_WHAT TO PRODUCE:_ The copy should hold exactly the lines below from the one that contains "A. Choose which" through the one that contains "Er genießt sein" and nothing else, so no pictures.

+++ DATASET EXCERPTS

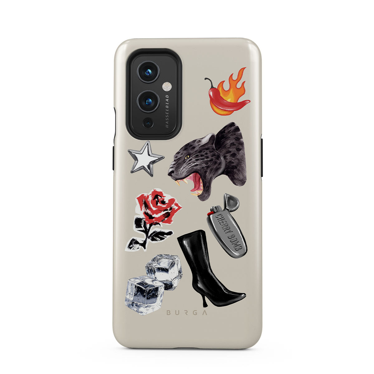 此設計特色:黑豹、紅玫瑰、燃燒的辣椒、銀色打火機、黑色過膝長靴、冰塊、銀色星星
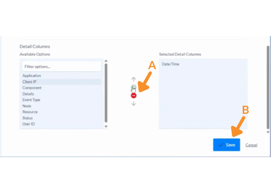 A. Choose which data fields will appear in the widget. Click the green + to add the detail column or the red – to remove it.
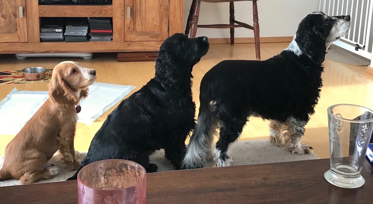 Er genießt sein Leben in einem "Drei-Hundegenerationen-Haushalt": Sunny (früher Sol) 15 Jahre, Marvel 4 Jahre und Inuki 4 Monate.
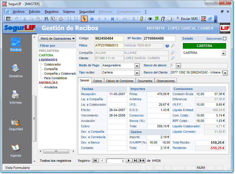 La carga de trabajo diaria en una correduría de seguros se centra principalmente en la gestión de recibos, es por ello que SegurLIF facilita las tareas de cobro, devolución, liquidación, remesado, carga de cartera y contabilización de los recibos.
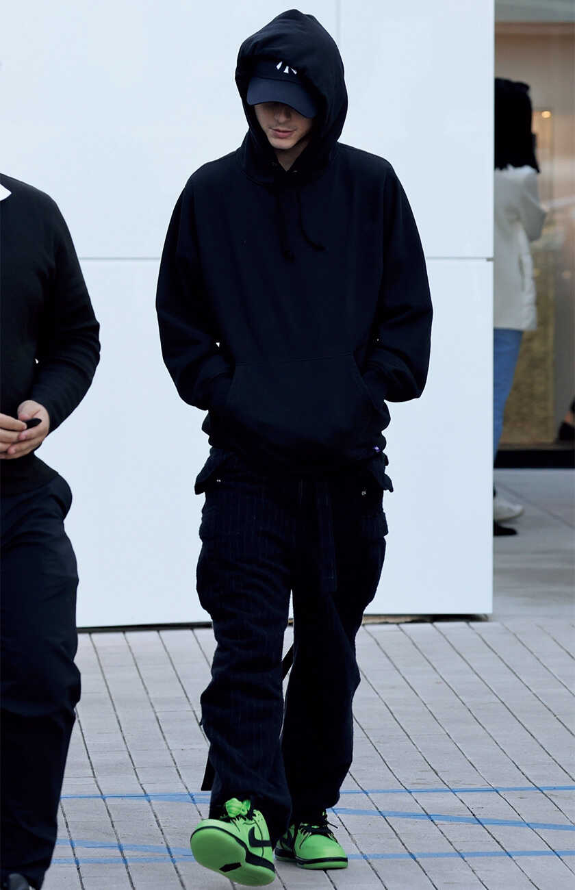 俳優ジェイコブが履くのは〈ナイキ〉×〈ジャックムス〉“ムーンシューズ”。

++++++
+++ DATASET EXCERPTS

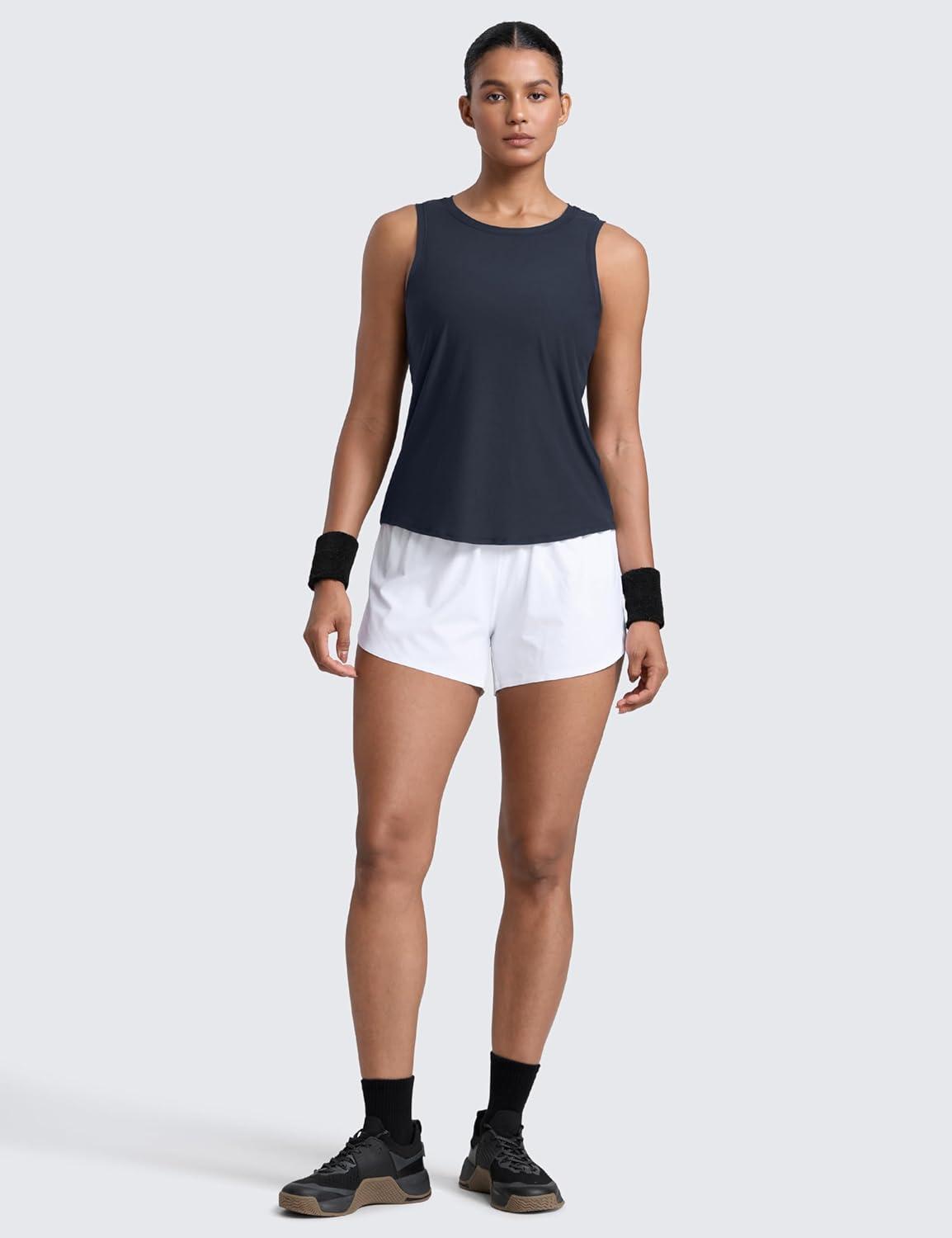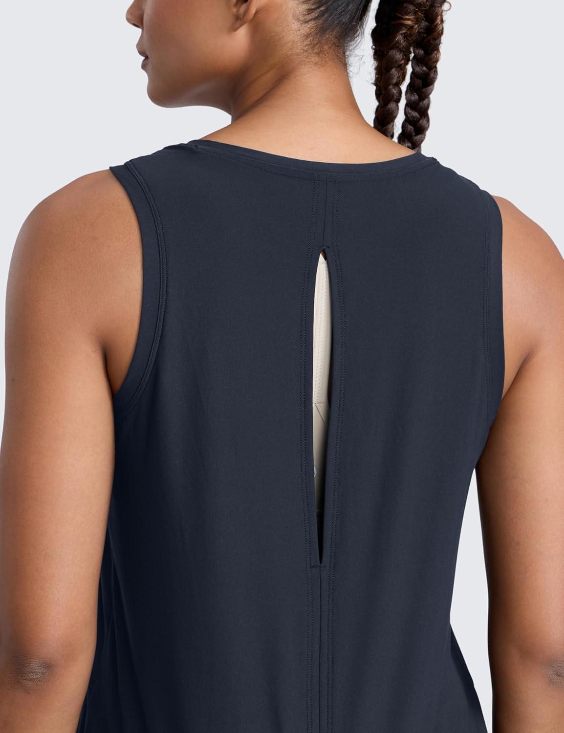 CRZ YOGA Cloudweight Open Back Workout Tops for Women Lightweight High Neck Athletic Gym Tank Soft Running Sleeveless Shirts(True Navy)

++++++
+++ DATASET EXCERPTS

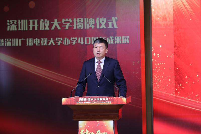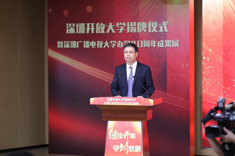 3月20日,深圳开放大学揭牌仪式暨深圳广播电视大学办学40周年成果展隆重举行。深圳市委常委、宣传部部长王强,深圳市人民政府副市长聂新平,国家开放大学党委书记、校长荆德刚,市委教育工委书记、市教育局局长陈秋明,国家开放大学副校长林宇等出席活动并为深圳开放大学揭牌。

++++++

_TASK ANSWER:_
 A. Choose which data fields will appear in the widget. Click the green + to add the detail column or the red – to remove it.
 Er genießt sein Leben in einem "Drei-Hundegenerationen-Haushalt": Sunny (früher Sol) 15 Jahre, Marvel 4 Jahre und Inuki 4 Monate.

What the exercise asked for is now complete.